Eschewing the deeply poignant or self-reverential album titles that instrumental post-rock bands tend to gift their albums, London quartet The Fierce & The Dead opt for the ungainly band in-joke (we presume) on their debut album. With If It Carries On Like This We Are Moving To Morecombe, it’s tempting to lump The Fierce & The Dead into the amateur basket and gaze at them in disdain, but if you did, you’d be making a regrettable mistake.
The instrumental post-rock genre is a tough one to pull off convincingly, to not come across as a band adrift without a singer, all the while sounding inventive enough to hold a listener’s attention. With our pop-music ingrained minds, we need a chorus to cling to which oftentimes can be a hard habit to break. The Fierce & The Dead succeed as masters of their own invention in ways that bands like Explosions In The Sky and Mogwai (based on past releases) have forgotten how.
Tensions build and release on “Flint” and follow through on “Part 2” as basslines map out terrain and exploratory guitar figures crackle and chime in a post-rock meets shoegaze delight. The Explosions In The Sky effect is felt strongly on “The Wait”, a supple two minute piece with textured guitar interplay and what seems like a simple, understated footstomp beat. They rise up to enact the “fierce” part of their name in “Landcrab”, an angry bass-driven hustle that keeps the mood from getting too staid. With no gratuitious 8 minute epics weighing it down, If It Carries On Like This... succeeds by not being too ambitious, by not trying to cram too many or too few ideas onto each track.

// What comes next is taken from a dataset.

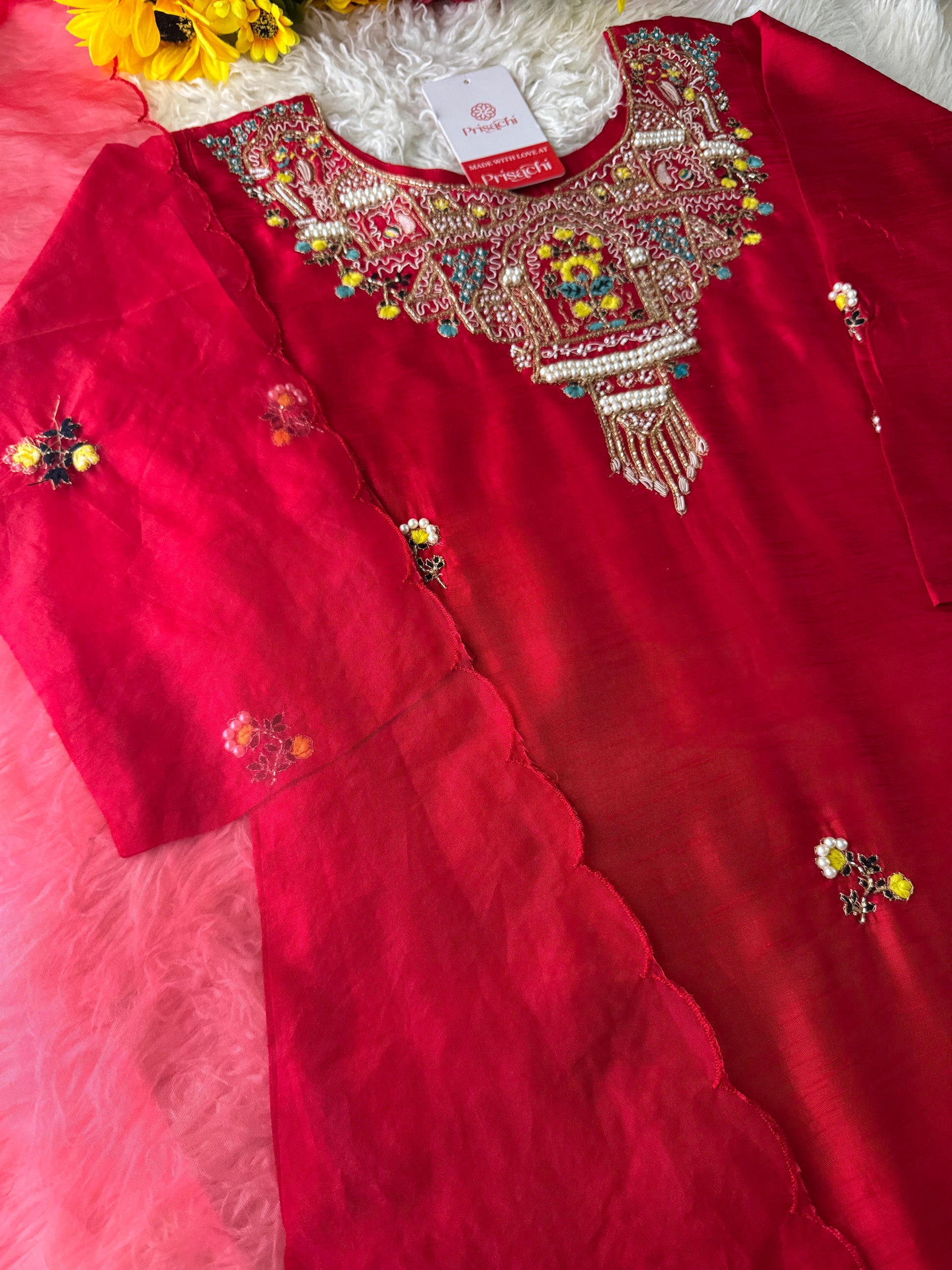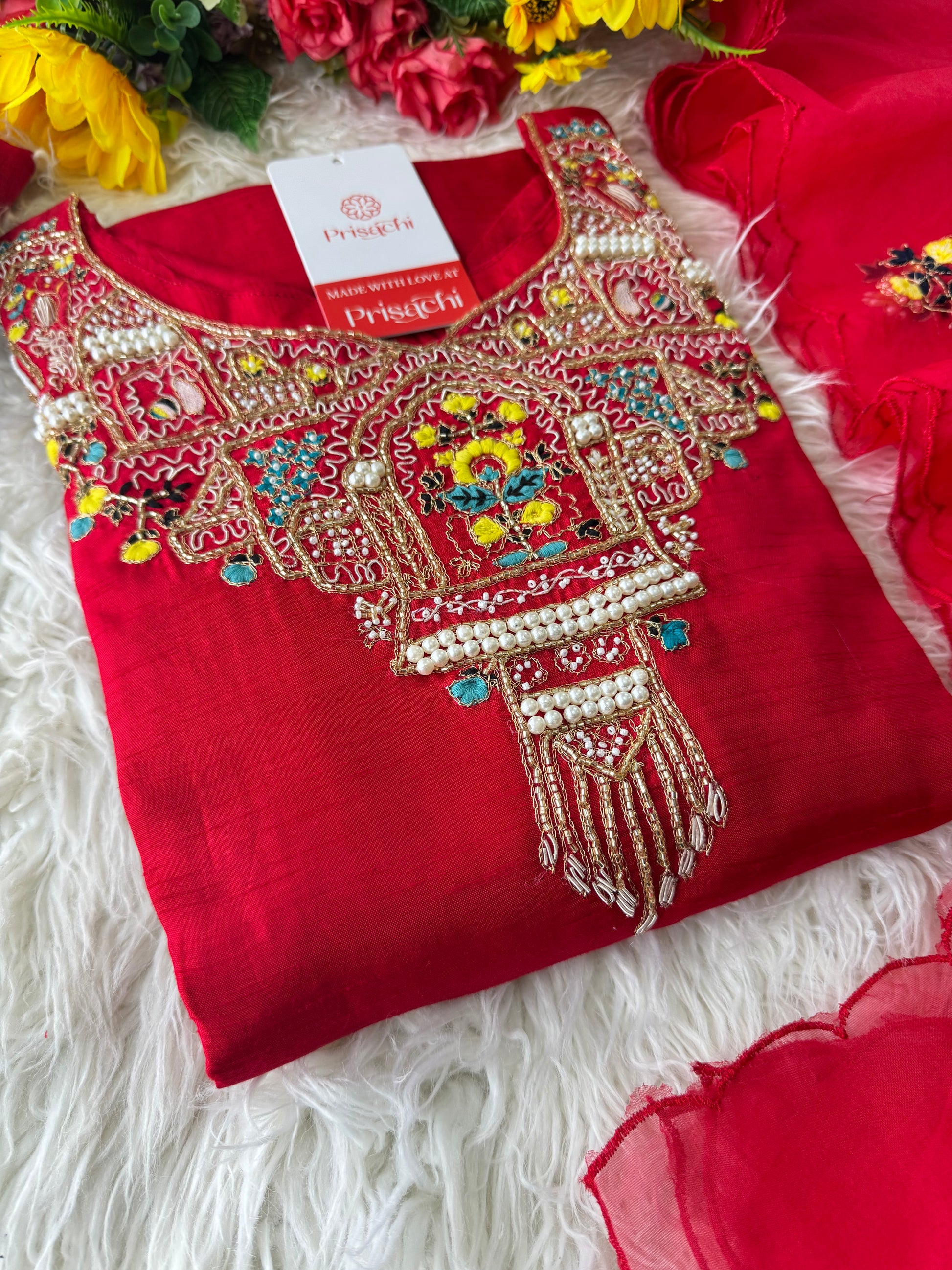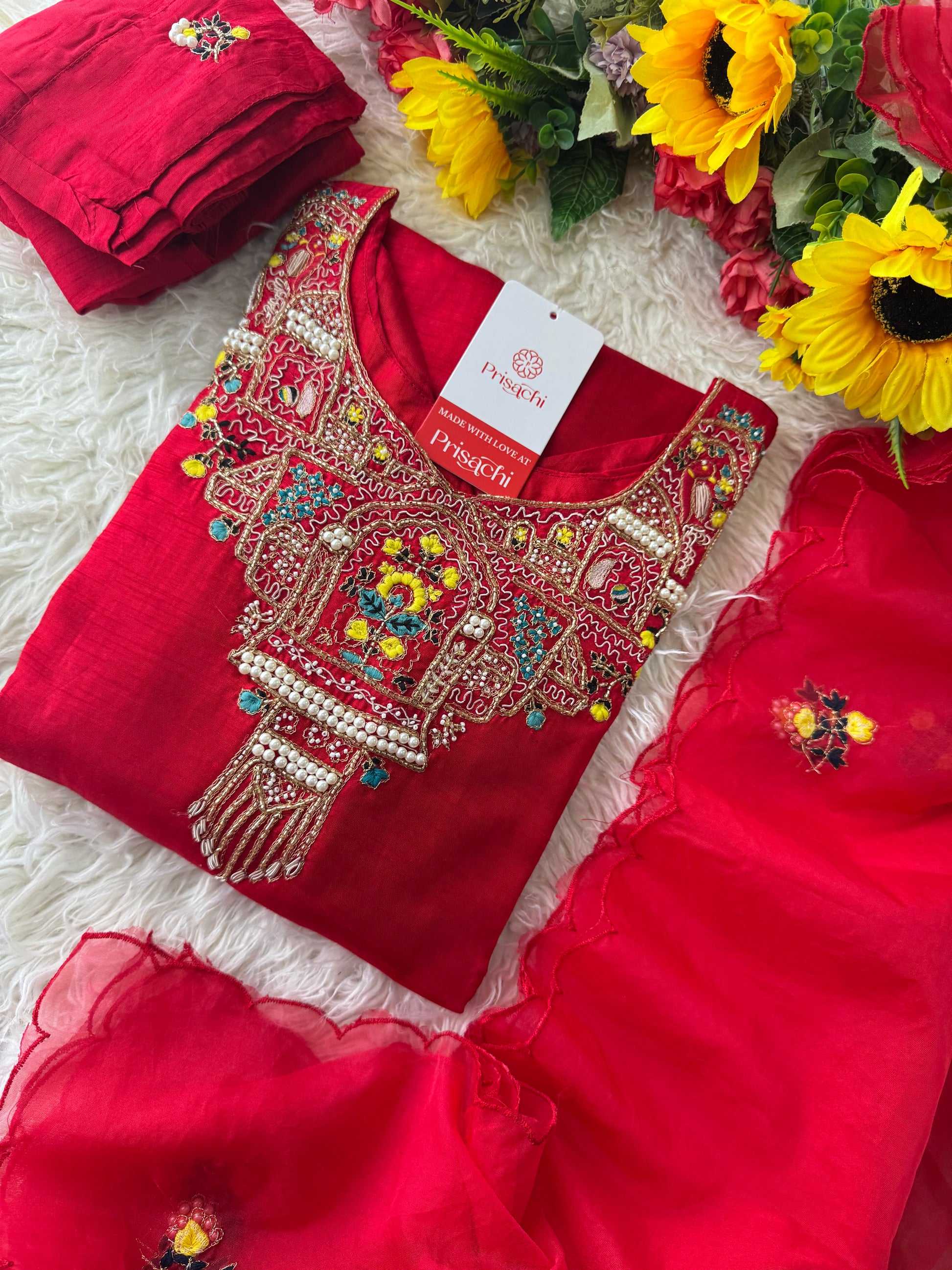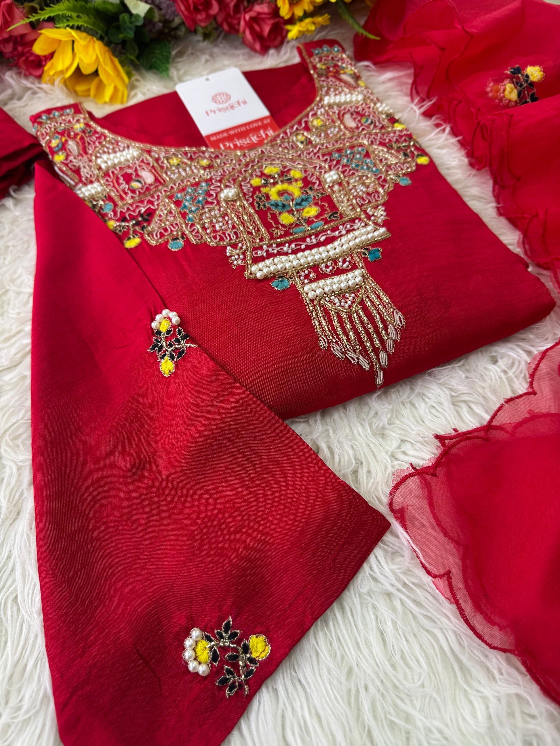 Our Red embroidered kurta set and dupatta will boost your style. Rich blue tones and beautiful embroidery come together in this magnificent outfit to produce a striking and classic look. The set is ideal for trendy and exquisite ethnic wear because it comes with a kurta, matching bottoms, and a lovely dupatta.

It’s the diversity in material and the strong band dynamic that make the album such an engrossing listen. With such versatility in instrumentation and clarity in sound, the subtle percussive components truly stand out. Throwing in wild card bursts of Terry Edwards on saxophone on “Daddie’s Little Helper” is sheer experimental funk-divergent genius. Closing track “Andy Fox” is weighted with such heavy portent (and another unrestrained performance from Edwards) that it brings to mind Clint Mansell’s remarkable soundtrack for the movie “Moon”. If that’s not a sentence you’d ever expect to read in a record review, you’d be well advised to seek this album out.